Sunday, July 4, 2010

>BALANCE OF PAYMENTS: BoP remains stable despite larger current account deficit

Current account deficit reaches new high in Q4FY10
India’s BoP recorded a surplus of USD 2.1 bn during Q4FY10, more or less same as the previous quarter. Current account balance worsened a bit from the previous quarter, but was compensated by almost equal increase on the capital account.

Current account deficit stood at ~USD 13 bn during the quarter under review, amounting to ~3.4% of GDP, historically on the higher side. Among the important components of the current account, merchandise balance and private transfers deteriorated, while software earnings improved.

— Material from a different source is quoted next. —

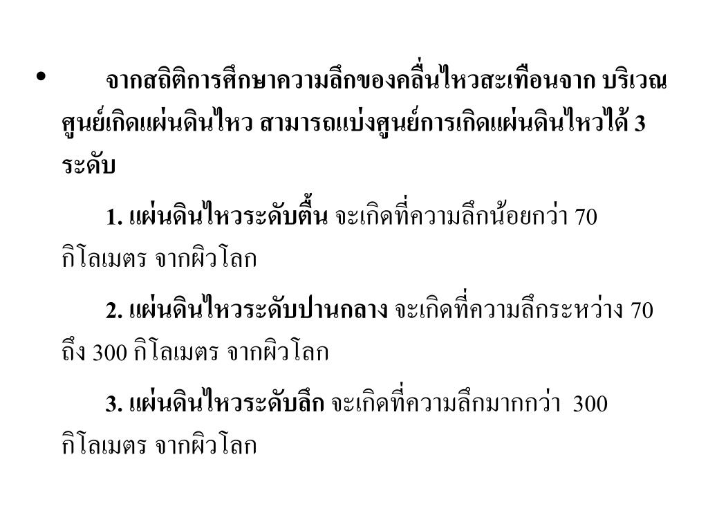 จากสถิติการศึกษาความลึกของคลื่นไหวสะเทือนจาก บริเวณศูนย์เกิดแผ่นดินไหว สามารถแบ่งศูนย์การเกิดแผ่นดินไหวได้ 3 ระดับ 1. แผ่นดินไหวระดับตื้น จะเกิดที่ความลึกน้อยกว่า 70 กิโลเมตร จากผิวโลก 2. แผ่นดินไหวระดับปานกลาง จะเกิดที่ความลึกระหว่าง 70 ถึง 300 กิโลเมตร จากผิวโลก 3. แผ่นดินไหวระดับลึก จะเกิดที่ความลึกมากกว่า 300 กิโลเมตร จากผิวโลก

Capital account surplus recovered marginally to ~USD 15 bn in Q4FY10 from ~USD 14 bn in Q3. While FII and short-term trade credit have been robust, ECB has fallen sharply to near-zero in Q4. FDI trend has also been modest in recent quarters.

BoP stages a turnaround in FY10
On full FY10 basis, BoP situation is much healthier over FY09, recording a surplus of ~USD 14 bn against deficit of USD 20 bn in FY09.

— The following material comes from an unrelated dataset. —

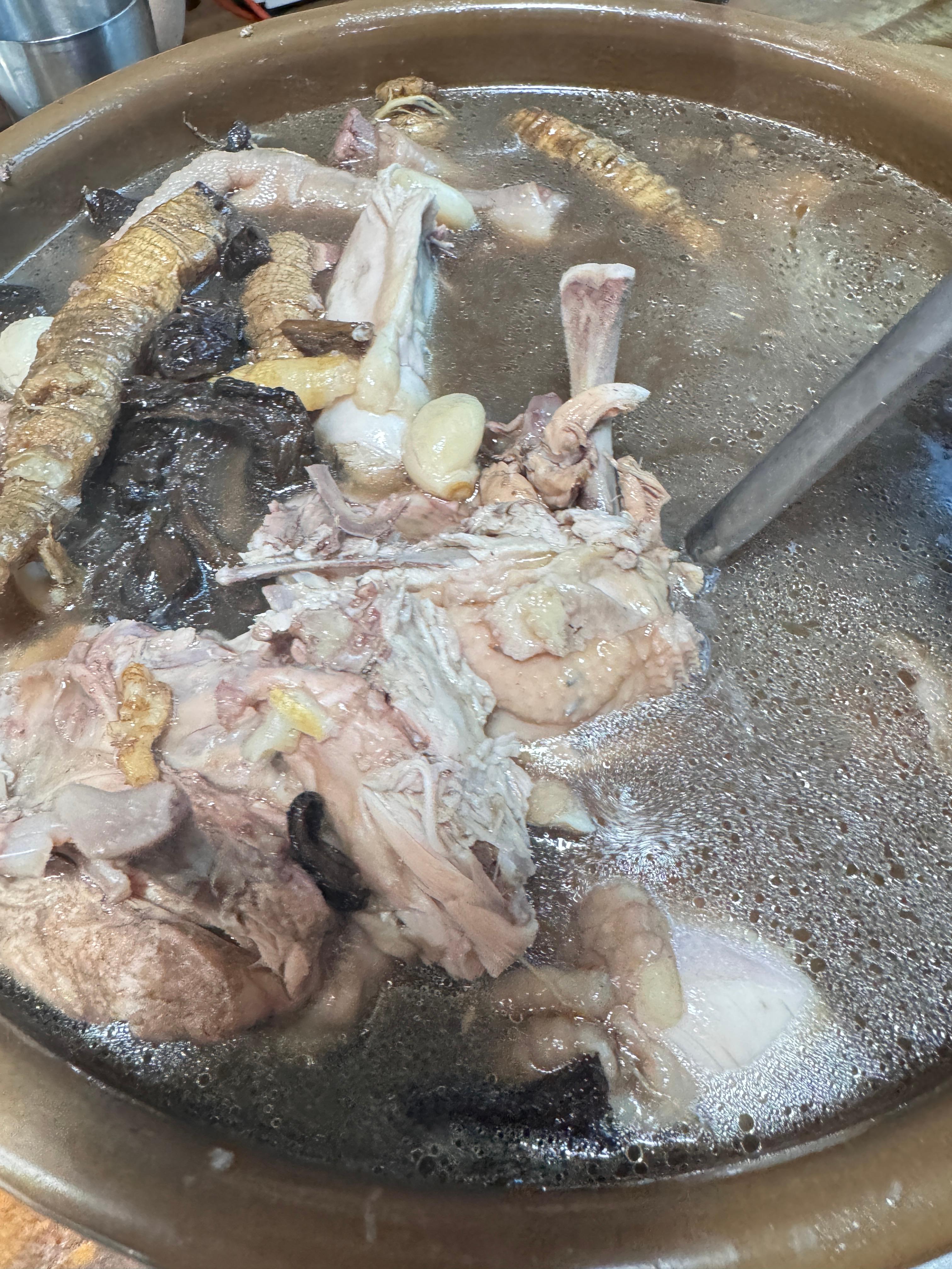 닭 크기가 매우크고, 능이버섯, 더덕, 인삼, 마늘 등이 들어가 정말 몸보신에 최고였습니다.

On the current account side, considerable decline in invisibles was recorded primarily on the back of lower receipts under miscellaneous services despite a pick-up in software earnings and private transfers. Trade deficit was largely stable at ~USD 118 bn. Overall, current account deficit deteriorated by ~USD 10 bn during FY10.

As regards the capital account, FDI increased marginally, but FIIs and short term trade credit rebounded quite strongly with recovery in global sentiments and risk appetite. ECB, however, disappointed, falling to USD 2.5 bn in FY10 from ~USD 8 bn in FY09.

FII, ECB to determine BoP dynamics in the near term
In the coming quarters, the current account would be influenced by few key factors such as India’s demand for imports, trends in global commodity prices particularly crude oil and movement in exchange rate. We expect India’s import demand to remain strong but weaker demand in western economies would weigh on India’s exports. However, likely subdued commodity prices amidst a weaker global recovery can potentially extend a favourable impact for India’s trade balance.

Persistent and significant appreciation in the INR during FY10 (~13% in nominal terms against USD and ~18% in real terms – 6 currency REER) did not impact trade balance or software earnings in any significant way. However, continued appreciation in REER from current levels could prove unfavourable to these segments. This can potentially deter any improvement in India’s trade balance in the coming quarters. Subdued economic activities in the developed countries are not conducive for an improvement in the invisibles account either.

The critical factor for any large swing in the overall BoP can, thus, come from the capital account only. Within capital account also, FDI is by and large stable. In sum, thus, the dynamics of the overall BoP would be weighed heavily by FII flows, ECBs and trade credit.